Al día siguiente, cuando volvieron a empezar los entrenamientos y se borró la sensación de haber recuperado una vida normal, Palo sintió un ataque de soledad y se sumergió en sus pensamientos; pensamientos sobre su padre, malos pensamientos de olvido y tristeza. Por la noche, ya en la casa, en lugar de ir a cenar con sus compañeros, se quedó solo en su habitación para estrechar contra él la bolsa que le había preparado su padre. Inspiró las páginas de los libros y la tela de la ropa, se impregnó de olores, acarició la cicatriz sobre su corazón y abrazó aquella bolsa como hubiese deseado que su padre lo abrazase. Y se echó a llorar. Cogió un papel y comenzó a escribir una carta a su padre, una carta que no recibiría nunca. Inmerso en sus propias palabras, no oyó a Key entrar en la habitación.
—¿A quién escribes?
Palo se sobresaltó.
—A nadie.
—Está claro que estás escribiendo una carta. Está prohibido escribir cartas.
—Está prohibido enviar cartas, no escribirlas.

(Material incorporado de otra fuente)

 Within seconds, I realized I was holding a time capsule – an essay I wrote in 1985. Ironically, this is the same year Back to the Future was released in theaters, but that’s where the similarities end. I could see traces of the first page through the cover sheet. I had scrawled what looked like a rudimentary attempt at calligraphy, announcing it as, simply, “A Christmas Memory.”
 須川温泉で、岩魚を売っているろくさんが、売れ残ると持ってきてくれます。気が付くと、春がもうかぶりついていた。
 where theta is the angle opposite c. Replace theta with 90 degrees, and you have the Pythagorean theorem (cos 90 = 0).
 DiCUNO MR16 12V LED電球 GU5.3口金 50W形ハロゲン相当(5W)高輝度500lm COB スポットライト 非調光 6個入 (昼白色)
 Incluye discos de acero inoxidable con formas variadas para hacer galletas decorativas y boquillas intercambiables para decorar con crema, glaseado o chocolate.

—Y entonces, ¿a quién escribes?
Palo dudó un momento antes de responder, pero Key tenía un tono de sospecha y él no quería que lo tomasen por un traidor.
—A mi padre.
Key se quedó paralizado y palideció.
—¿Le echas de menos?
—Sí.
—También yo echo de menos a mi padre —murmuró Key—. Le robé sus gafas antes de venir aquí. A veces me las pongo y pienso en él.
—Yo me traje sus libros —se sinceró Palo.
Key se sentó en la cama y suspiró.
—Me fui como quien se va de viaje. Pero ya no lo veré nunca más, ¿verdad?
Cómo le abrumaban los remordimientos. Había robado las gafas de su padre para engañar a su desesperación.
—¿Cómo podemos sobrevivir lejos de nuestros padres? —preguntó Palo.
—Me lo pregunto cada día.
Key apagó la luz. Desde fuera, solo el espectro claro de la vaporosa llovizna iluminaba la habitación.
—No se te ocurra volver a encender la luz —ordenó Key.
—¿Por qué?
—Para que podamos llorar en la oscuridad.
—Lloremos entonces.
—Lloremos a nuestros padres.
Silencio.
—Creo que Rana es huérfano, lloremos también por él.
—Sobre todo por él.
Y no hubo más que un largo murmullo, una queja apagada: Palo, Key y los demás, hasta Rana, el huérfano, eran los hijos malditos, los hombres más solos del mundo. Se habían marchado a la guerra y habían besado apresuradamente a sus padres. Se había formado un vacío en lo más profundo de su alma. Y en la noche inglesa, en la oscuridad de una pequeña habitación de militares con olor a moho, Palo y Key se arrepentían. Juntos. Amargamente. Pues quizás habían vivido ya los últimos días de sus padres.